McDonald's gives Indy's Ribbs a taste of corporate America

May 25, 1991|By Sandra McKee | Sandra McKee,The Evening Sun

INDIANAPOLIS OJB — INDIANAPOLIS -- Willy T. Ribbs walked into his afternoon news conference a few minutes late.

"I'm really sorry about the delay," Ribbs said. "But I just got back from court, where I officially had my name changed to Willy T. McRibbs."

If anyone deserved a break today, it was Ribbs, who announced he'd signed with McDonald's as his first major corporate sponsor.

Ribbs, driving for the Derrike Walker team, is the first black to qualify for the Indianapolis 500. And he has done it virtually without the support of corporate America.

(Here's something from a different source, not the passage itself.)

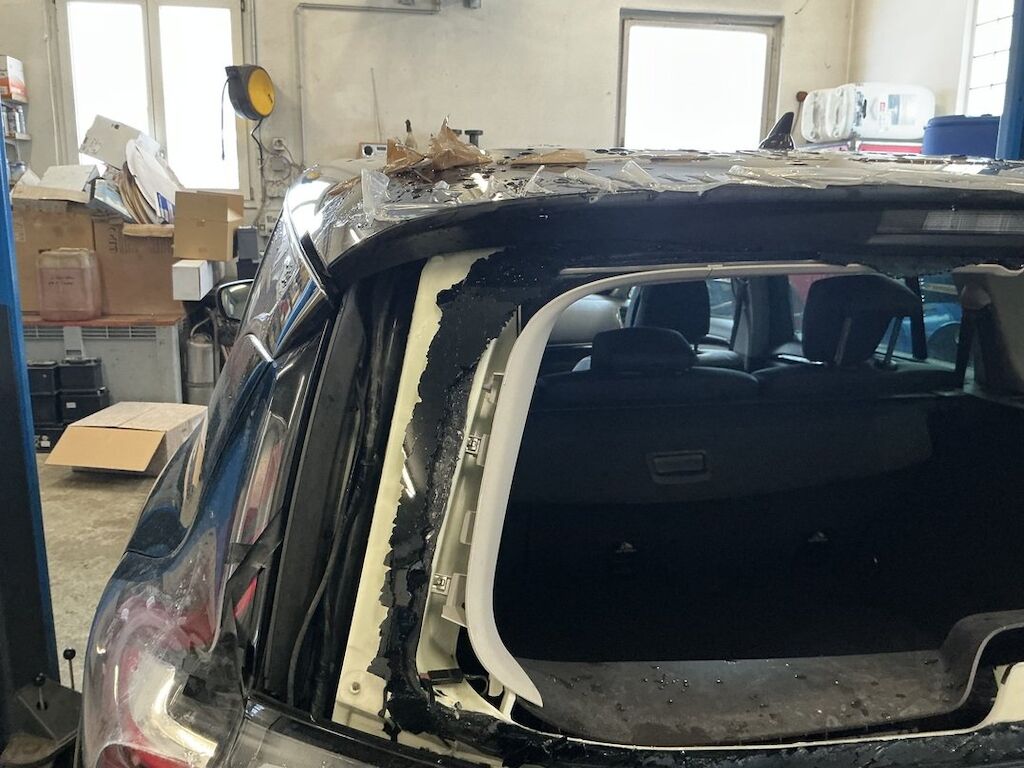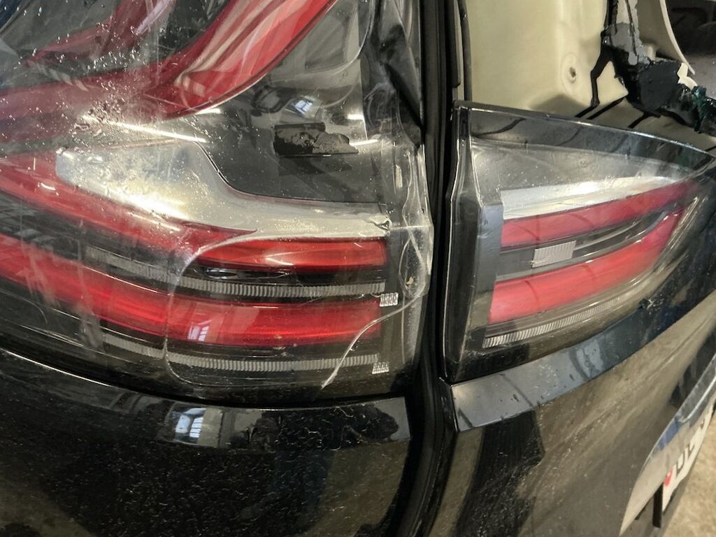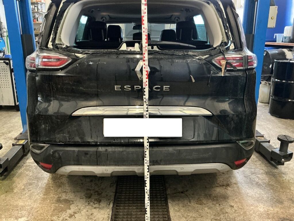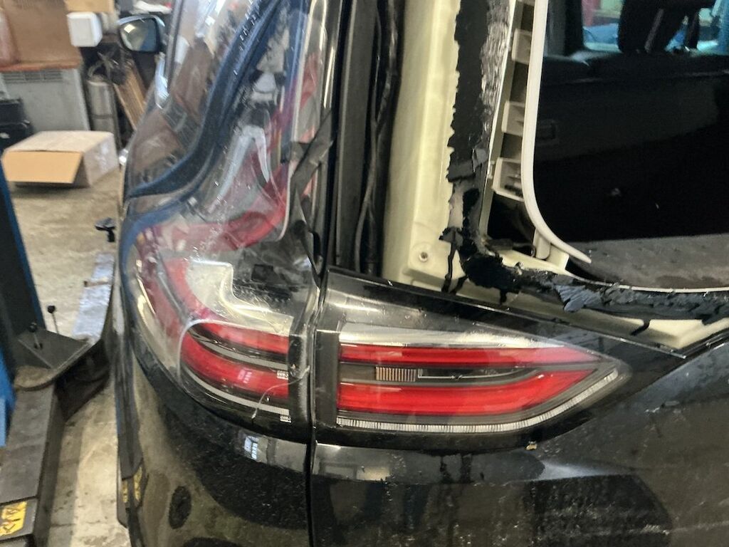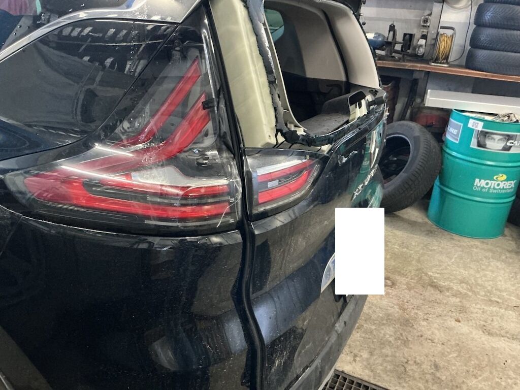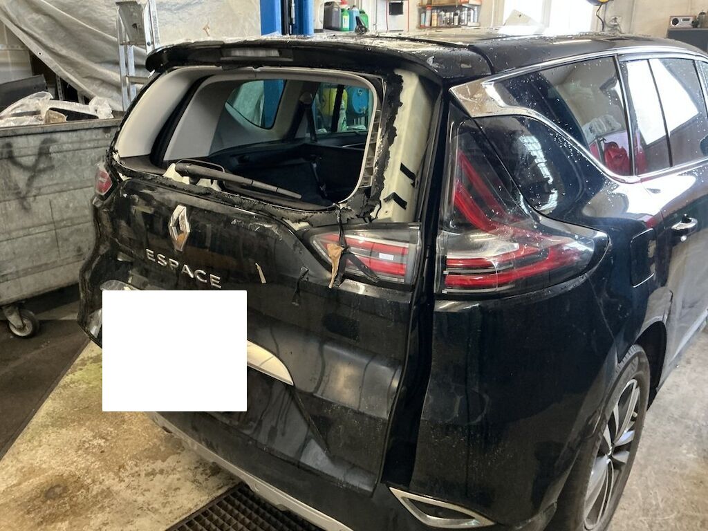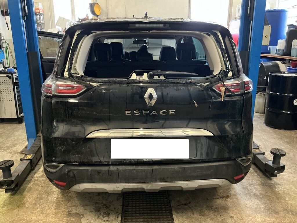Pare-chocs, supports, traverses, feu, hayon, lunette, pavillon, fond de coffre et jupe endommagés.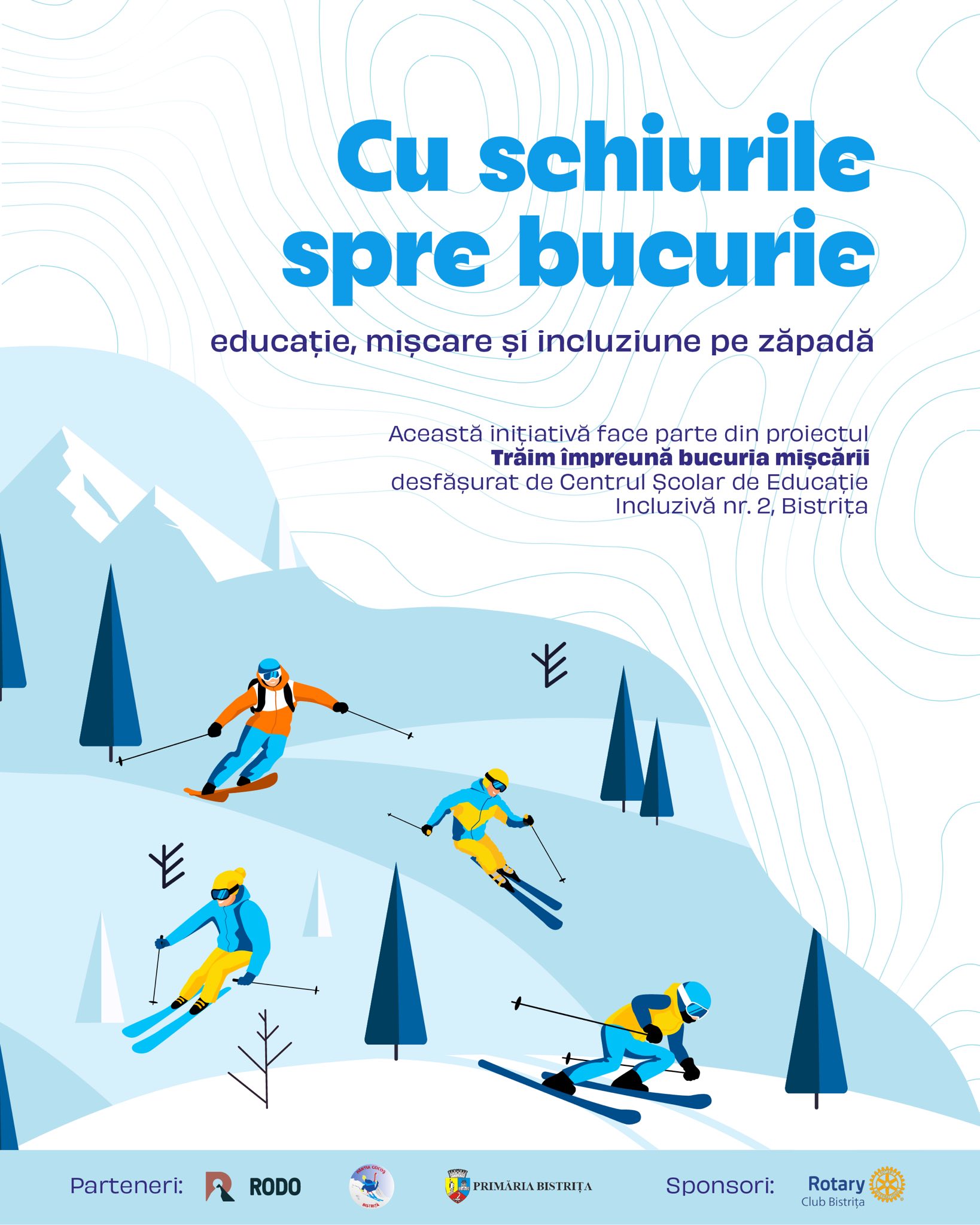 Aveți echipamente de schi aflate în stare bună – schiuri, clăpari, geci, pantaloni, căști, mănuși și accesorii, pe care nu le mai folosiți? Le puteți dărui copilașilor de la CȘEI nr. 2 Bistrița și să le faceți astfel o mare bucurie. Aceștia pot avea parte de o nouă experiență – schiul, în cadrul proiectului „Trăim împreună bucuria mișcării”.

But, tomorrow, when he starts his engine in the middle of Row 10, his Lola/Buick will be wearing the golden arches.

"It is no secret we need a lot of money," said car owner Walker. "We still have a lot more space on the car to cover, but this is a start. McDonald's is a well-known company well-respected by corporate America. If McDonald's sees that we have a team worth supporting, it sends a signal to everyone else. Even if they were just giving us free burgers, it would have been enough."

Just how much money McDonald's is investing in the one-race deal is unknown. McDonald's spokesman Roger Lipker said it is not company policy to discuss financial terms, nor would he say whether sponsorship would extend beyond tomorrow's race.

Still, Ribbs seemed enthusiastic about the deal.

"When our team arrived here in early May, it was like we were running a marathon," Ribbs said. "We were running long, hard and uphill. When we qualified, it was like we were on top of the hill, and we could catch our breath a little bit. Now, with this deal, we're running downhill, and it makes breathing a little easier -- and Derrike can sleep better."

Before signing with McDonald's, the Walker team was operating on a donation of "a couple hundred thousand" dollars from actor/comedian Bill Cosby and Walker's Visa card.

The debt, after five blown engines during Indy 500 practice and qualifying, reportedly reached as much as $400,000.